Hacker News new | ask | show | jobs
by cypress66 1095 days ago
> 8. Train an LLM on Xc and it's accuracy on judging Y entailed by Xp is random.

This is clearly where the "proof" falls apart. Even in tasks where GPT4 struggles, it's accuracy will still be better than random. The bar of "better than random" is so low that even weak LLMs will be able to surpass it.

More so, you need to prove not just a single, but that no task/domain exists for which LLMs satisfy 8.

What your proof says is basically "LLMs do not generalize even the slightest for any task". And that's trivial to disprove.

1 comments

I just need to be able to create a split in Xc,Xp so that Xp is random. I think that's really quite easy.

If you could put ChatGPT in a loop, take some Xc prompts and permute with some non-semantic phrases ("Alice believes that... Xc ... what did Alice believe?") etc --- until you find those cases.
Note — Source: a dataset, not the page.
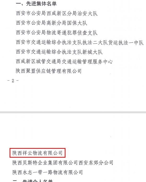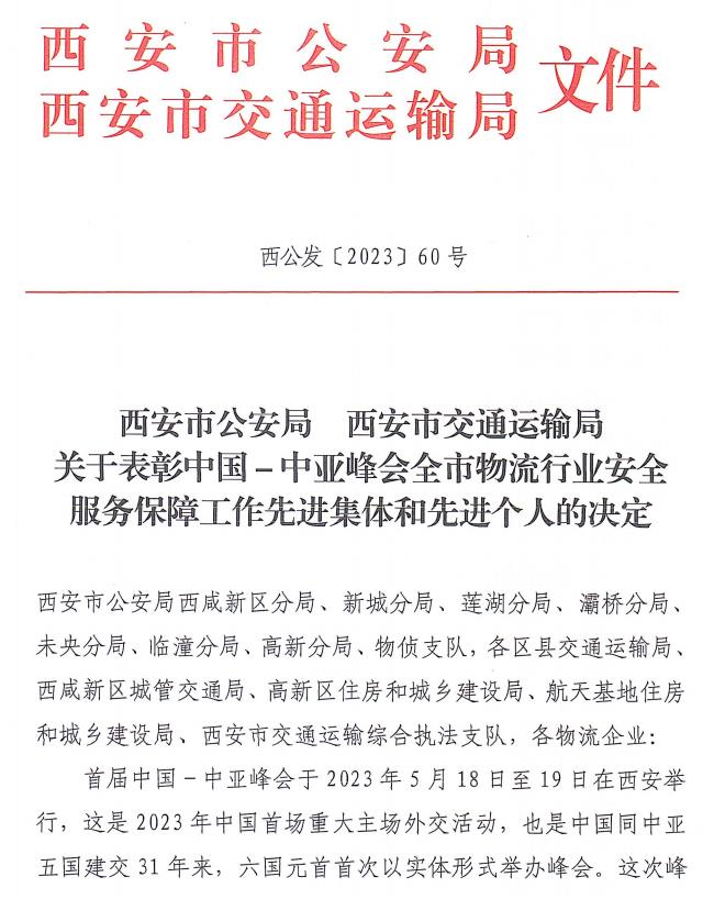 2023年6月6日,西安市公安局、交通运输局发布表扬通报,对中国-中亚峰会期间,为全市物流行业安全服务保障工作做出贡献的先进集体和先进个人进行表彰,陕西祥云物流有限公司获得“服务保障中国—中亚峰会先进集体”荣誉称号。

I imagine we will discover quite a large number of such non-semantic phrases which have this effect. Because the tokens in those phrases will, joint with Xc, be arbitrarily distributed in some historical data (distributed to our preference when finding them).

This seems just kinda basically obvious, right? Entailments are discretely constrained by semantics, and historical datasets can contain arbitrary mixtures of random distributions of syntax.

NNs only model those distributions -- and not the entailments -- which, at the very least, are extremely discrete.